Background Understanding the relationship between neural and vascular signals is essential for interpretation of functional MRI (fMRI) results with respect to underlying neuronal activity. Simultaneously measuring neural activity using electrophysiology with fMRI has been highly valuable in elucidating the neural basis of the blood oxygenation-level dependent (BOLD) signal. However, this approach is also technically challenging due to the electromagnetic interference that is observed in electrophysiological recordings during MRI scanning.

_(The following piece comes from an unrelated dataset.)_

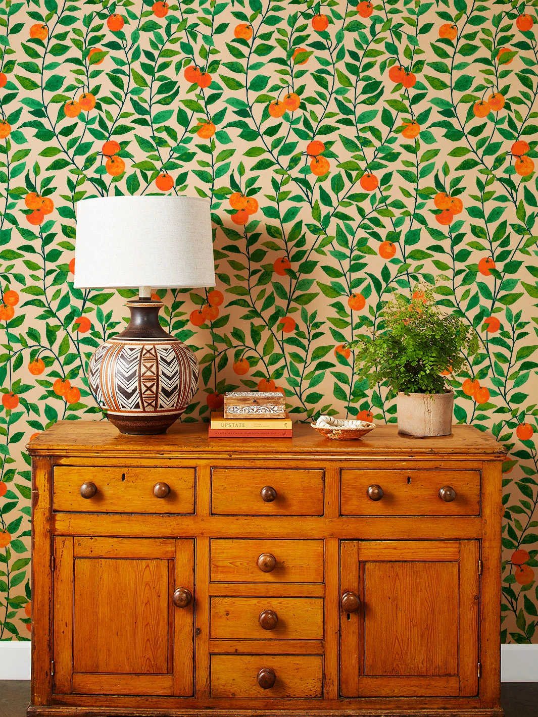 Renowned designer Nathan Turner collaborated with us on this fruitful wallpaper. Oranges are a symbol of love in many cultures, so make it harvest season in your home all year round with our orange tree wallpaper.

New method Recording optical correlates of neural activity, such as calcium signals, avoids this issue, and has opened a new avenue to simultaneously acquire neural and BOLD signals. Results The present study is the first to demonstrate the feasibility of simultaneously and repeatedly acquiring calcium and BOLD signals in animals using a genetically encoded calcium indicator, GCaMP6. This approach was validated with a visual stimulation experiment, during which robust increases of both calcium and BOLD signals in the superior colliculus were observed. In addition, repeated measurement in the same animal demonstrated reproducible calcium and BOLD responses to the same stimuli. Comparison with existing method(s) Taken together, simultaneous GCaMP6-based fiber photometry and fMRI recording presents a novel, artifact-free approach to simultaneously measuring neural and fMRI signals. Furthermore, given the cell-type specificity of GCaMP6, this approach has the potential to mechanistically dissect the contributions of individual neuron populations to BOLD signal, and ultimately reveal its underlying neural mechanisms. Conclusions The current study established the method for simultaneous GCaMP6-based fiber photometry and fMRI in rats.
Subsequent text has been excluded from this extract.